- Nickname: Czar

World Series of Poker
- Bracelet: 1
- Money finishes: 12
- Highest WSOP Main Event finish: 21st, 1999

= Hal Kant =

American attorney and poker player (1931–2008)

Harold Sanford "Hal" Kant (July 29, 1931 – October 19, 2008) was an entertainment industry attorney who specialized in representing musical groups. He was best known for his 35 years as principal lawyer and general counsel for the Grateful Dead, a position in the group that was so strong that his business cards with the band identified his role as "Czar".

==Early life==
Hal Kant was born in the Bronx. He earned his law degree at the Harvard Law School. After graduation, he was hired as a clerk in the United States Court of Appeals for the Ninth Circuit in San Francisco, California.

==Music business==
After starting to practice law on his own, he came to the realization that "the only attorneys in the music business were the attorneys for the record companies, and their job was to get as much money as they could for their company and leave as little as possible for the artists". Kant decided that "the other guys should have an attorney, too" and proceeded to help represent a series of artists including The Association, Captain Beefheart, Hot Tuna, Janis Joplin, New Riders of the Purple Sage, Sonny & Cher and Stevie Ray Vaughan. He turned down an opportunity to represent The Doors after the group demanded that he only represent them.

===Grateful Dead===
Kant became best known for his representation of the Grateful Dead, bringing the band millions of dollars in revenue, through his management of the band's intellectual property and merchandising rights. At Kant's recommendation, the group was one of the few rock 'n roll pioneers to retain ownership of their music masters and publishing rights. Kant's role with the band was so significant that his business cards with the band identified himself as "Czar".

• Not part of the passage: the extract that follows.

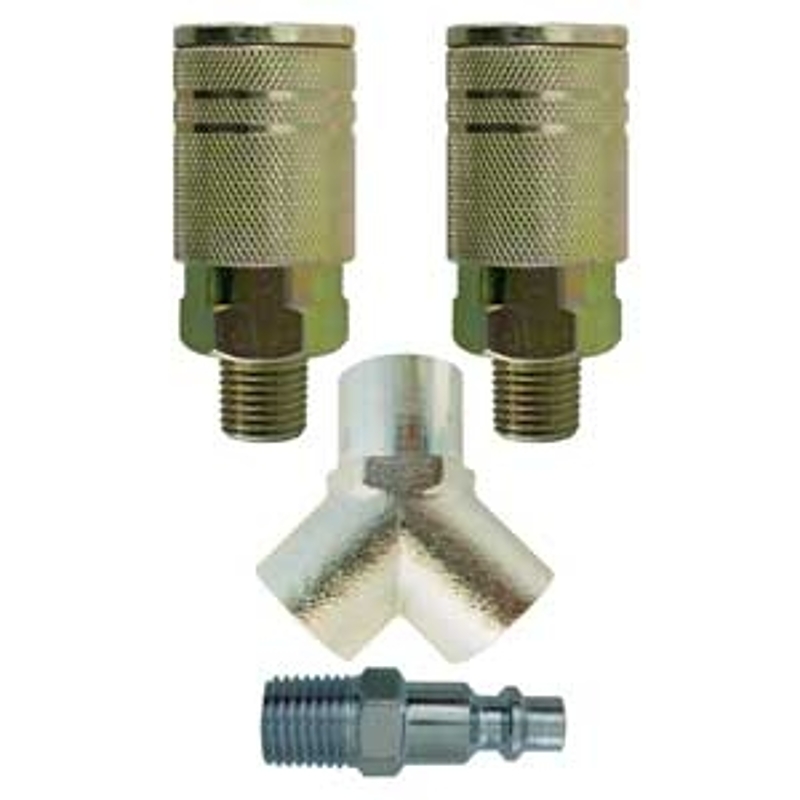 Topring Hose Splitter Kit, Includes: (1) 1/4 in FNPT Air Manifold Three-Way, (1) 1/4 in MNPT Plug Industrial, (3) 1/4 in MNPT Industrial Couplers

Kant had plans to donate his legal business records to a proposed Grateful Dead museum to be built in San Francisco. This venture didn't come into fruition so that his experience in the historical development of contracts and business practices could be used as a resource by visitors.

==Poker==
Kant won the $2,500 Pot Limit Omaha tournament at the 1987 World Series of Poker, earning a gold WSOP bracelet and $174,000. He was the runner-up in the $2,500 Limit Hold'em tournament at the 1990 World Series of Poker. Kant would often have members of the Grateful Dead cheering for him at poker tournaments.

During his poker career, Kant had total live tournament winnings exceeding $1,100,000. His 12 cashes as the WSOP account for $524,514 of those winnings.

==Death==
He died at age 77 in Reno, Nevada on October 19, 2008, from pancreatic cancer. He was survived by his wife, Jesse, and his three sons, two stepchildren and five grandchildren.